Note: strategies are only supported in Java and Ada.

To exercise some control over the application of the rules, rewriting based languages provide abstract ways by using reflexivity and the meta-level for Maude, or the notion of rewriting strategies as in Tom. Strategies such as bottom-up, top-down or leftmost-innermost are higher-order features that describe how rewrite rules should be applied (At each step, the strategy chooses which rule is applied and in which position inside the term).

In Tom, we have developed a flexible and expressive strategy language inspired by ELAN, Stratego, and JJTraveler where high-level strategies are defined by combining low-level primitives.
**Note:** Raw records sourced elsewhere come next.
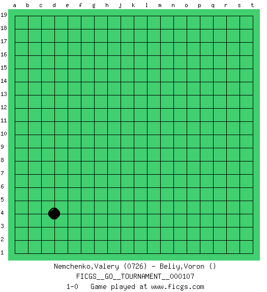 Last move : 1-0 2022 October 4 10:56:21 [Event "FICGS__GO__TOURNAMENT__000107"] [Site "FICGS"] [Date "2022.09.03"] [Round "1"] [Black "Nemchenko,Valery"] [White "Beliy,Voron"] [Result "1-0"] [Rating 1 "0726"] 1.d4 1-0 This go game has been lost on time (started : 2022.09.03 2:51:39) Follow this game move after move (download)Go is essentially a form of harmony. Go in the 21st century will have to be go of the 'harmony of the six points - the four quarters, the above and the below.' As in life we will need to view the whole rather than the part. Japanese go has focused too heavily on the local (joseki) rather than the whole for 300 years. The reason the Chinese and Koreans are overtaking the Japanese is that they are closer to achieve this whole-board view. (Go Seigen, 9p, 1994) I've lost money so fast in these clubs it's left me reeling. I've read every poker book ever written, but the only way to get better at the game is to go out and play with people who are really good. The problem is, you stand to lose a lot of money doing it. (Matt Damon)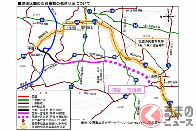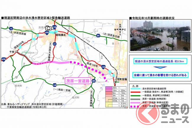 並行する現道(国道409号・128号)の混雑を緩和するとともに、圏央道の茂原長南ICと接続し、首都圏と外房地域の連携を強化する役割を担います。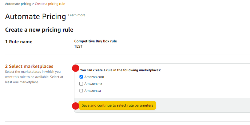 5. Select the marketplaces you want to create the rule for. Then click "Save and continue to select rule parameters" button.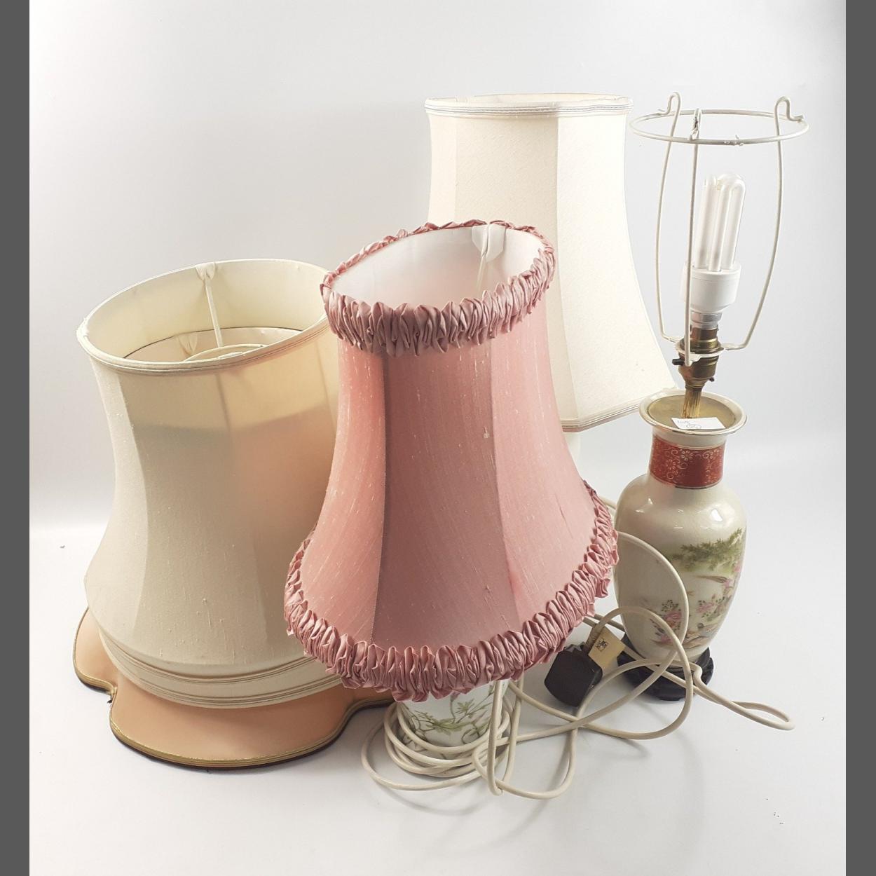A LARGE collection of lampshades and lamps to include an Oriental vase converted into a lamp complete with wooden carved stand, 54cm tall approx, a metal column lamp, 36cm tall approx and a W.S. Grandison poster, 36.2cm talland 29cm wide. All in good/fair condition.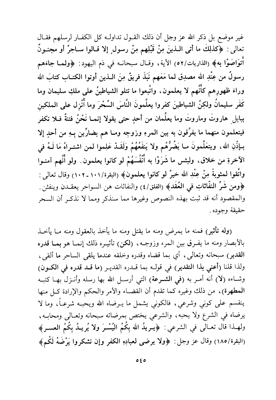 غَيْرِ مَوْضِعٍ, بَلْ ذَكَرَ اللَّهُ -عَزَّ وَجَلَّ- أَنَّ ذَلِكَ الْقَوْلَ تَدَاوَلَهُ كُلُّ الْكُفَّارِ لِرُسُلِهِمْ, فَقَالَ تَعَالَى: {كَذَلِكَ مَا أَتَى الَّذِينَ مِنْ قَبْلِهِمْ مِنْ رَسُولٍ إِلَّا قَالُوا سَاحِرٌ أَوْ مَجْنُونٌ، أَتَوَاصَوْا بِهِ} [الذَّارِيَاتِ: 52] الْآيَةَ, قال سُبْحَانَهُ فِي ذَمِّ الْيَهُودِ: {وَلَمَّا جَاءَهُمْ رَسُولٌ مِنْ عِنْدِ اللَّهِ مُصَدِّقٌ لِمَا مَعَهُمْ نَبَذَ فَرِيقٌ مِنَ الَّذِينَ أُوتُوا الْكِتَابَ كِتَابَ اللَّهِ وَرَاءَ ظُهُورِهِمْ كَأَنَّهُمْ لَا يَعْلَمُونَ، وَاتَّبَعُوا مَا تَتْلُوا الشَّيَاطِينُ عَلَى مُلْكِ سُلَيْمَانَ وَمَا كَفَرَ سُلَيْمَانُ وَلَكِنَّ الشَّيَاطِينَ كَفَرُوا يُعَلِّمُونَ النَّاسَ السِّحْرَ وَمَا أُنْزِلَ عَلَى الْمَلَكَيْنِ بِبَابِلَ هَارُوتَ وَمَارُوتَ وَمَا يُعَلِّمَانِ مِنْ أَحَدٍ حَتَّى يَقُولَا إِنَّمَا نَحْنُ فِتْنَةٌ فَلَا تَكْفُرْ فَيَتَعَلَّمُونَ مِنْهُمَا مَا يُفَرِّقُونَ بِهِ بَيْنَ الْمَرْءِ وَزَوْجِهِ وَمَا هُمْ بِضَارِّينَ بِهِ مِنْ أَحَدٍ إِلَّا بِإِذْنِ اللَّهِ وَيَتَعَلَّمُونَ مَا يَضُرُّهُمْ وَلَا يَنْفَعُهُمْ وَلَقَدْ عَلِمُوا لَمَنِ اشْتَرَاهُ مَا لَهُ فِي الْآخِرَةِ مِنْ خَلَاقٍ وَلَبِئْسَ مَا شَرَوْا بِهِ أَنْفُسَهُمْ لَوْ كَانُوا يَعْلَمُونَ وَلَوْ أَنَّهُمْ آمَنُوا وَاتَّقَوْا لَمَثُوبَةٌ مِنْ عِنْدِ اللَّهِ خَيْرٌ لَوْ كَانُوا يَعْلَمُونَ} [الْبَقَرَةِ: 101، 102] وَقَالَ تَعَالَى: {وَمِنْ شَرِّ النَّفَّاثَاتِ فِي الْعُقَدِ} [الْفَلَقِ: 4] وَالنَّفَّاثَاتُ هُنَّ السَّوَاحِرُ يَعْقِدْنَ وَيَنْفُثْنَ. وَالْمَقْصُودُ أَنَّهُ قَدْ ثَبَتَ بِهَذِهِ النُّصُوصِ وغيرها مما سَنَذْكُرُ وَمِمَّا لَا نَذْكُرُ, أَنَّ السِّحْرَ حَقِيقَةٌ وُجُودُهُ.

For example, the top-down strategy is recursively defined by Sequence(s,All(TopDown(s))). Users can define elementary strategies (corresponding to a set of rewriting rules) and control them using various combinators proposed in the sl library. This rich strategy language allows to easily define various kinds of term traversals.

In this chapter, first, we briefly present the sl library functioning. After that, we describe in detail every elementary strategy and strategy combinator. Then, we explain how the sl library can be used in combination with Gom structures.



The package is mainly composed by an interface Strategy and a class for each strategy combinator.

Strategy interface

Every strategy (elementary strategy or combinator) implements the Strategy interface. To apply a strategy on a term (generally called the subject), this interface offers two methods:

  • Visitable visitLight(Visitable any) visits the subject any in a light way (without environment)
  • Visitable visit(Visitable any) visits the subject any and manages the environment

A strategy can visit any Visitable object. Any term constructed using a Tom mapping or a Gom signature is Visitable. The first method visitLight is the most efficient because it does not manage any environment. Most of time, it is sufficient. The second method depends on an environment. The visit(Visitable) method behaves like visitLight but updates at each step an environment.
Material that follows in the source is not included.